An artists impression of K2-141b

 

To understand about the potential for life on other planets, you really need to understand what their rocky parts are made out of, and that’s not easy astronomically. A lava planet is nobody’s idea of the obvious place to look for life, but we can analyse the rock more easily when it’s in the form of a vapour in the atmosphere and look at its components. It’s a window into the composition of rocky planets and that’s one reason why scientists are so interested in them.

The AEThER project

The AEThER (Atmospheric Empirical, Theoretical and Experimental Research) project, which is being led out of the Carnegie Institution for Science, is part of a general research question around where do atmospheres come from, and where do they go?

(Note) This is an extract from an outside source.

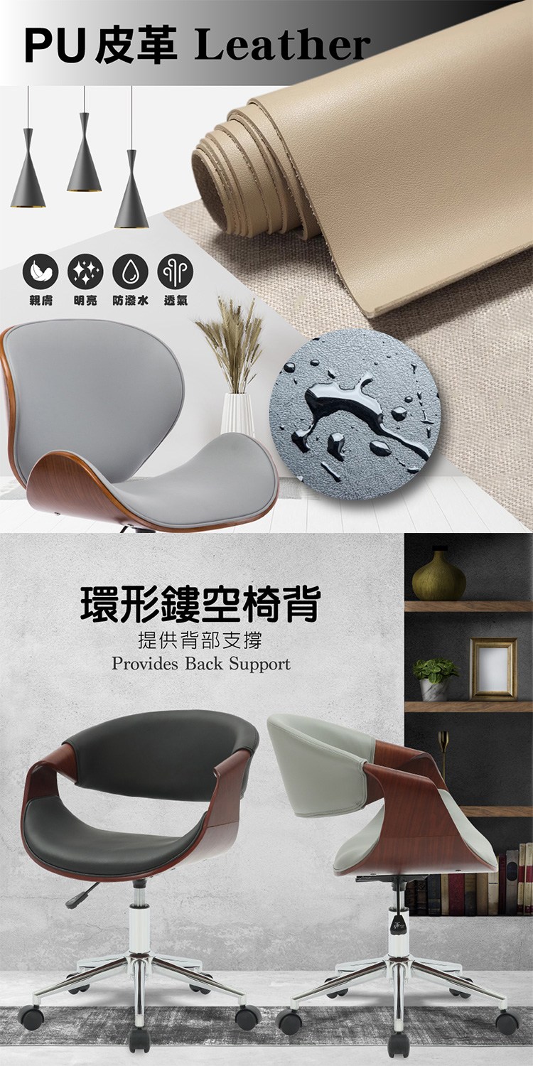 台灣與歐美同步販售、美規設計,防潑水透氣PU皮椅面、易於清潔,環形鏤空椅背設計提供背部支撐,

While AEThER won’t be involved in detecting the signatures for life on other planets, it will be addressing questions about the chemical composition of planets and their atmospheres and determining the conditions under which life might arise.

Image of an exoplanet with its star

The AEThER project will be addressing questions about the chemical composition of planets and their atmospheres and determining the conditions under which life might arise.

 

Planets can have more than one atmosphere in the course of their lifetime – they can change atmosphere like changing a suit of clothes. Many planets go through a stage of having a primordial atmosphere which is most composed of hydrogen. To create conditions suitable for life, an atmosphere containing nitrogen and oxygen is necessary. We’re exploring the early abiotic atmospheres of the most common planets in the galaxy (called sub-Neptunes or M-star planets) and rocky planets, to understand what determines how an atmosphere is maintained, and link exoplanetary atmospheric observations to the solid planet below as well as to the evolution of the planetary body. By understanding these links that we hope to eventually ‘open the door’ to the reliable detection of life beyond Earth.

There are around twelve institutions participating in the project, which is being funded by the Sloan Foundation, and again it’s hugely interdisciplinary; bringing together theorists, experimentalists, observers, planetary scientists, astronomers and Earth scientists.

There might also be other ways for complex life to emerge, where nitrogen and oxygen aren’t necessary, for example in the presence of hydrogen, and that’s another really exciting area to explore when looking at exoplanets. We’re now trying to connect with evolutionary biologists to answer some of the questions around this topic“.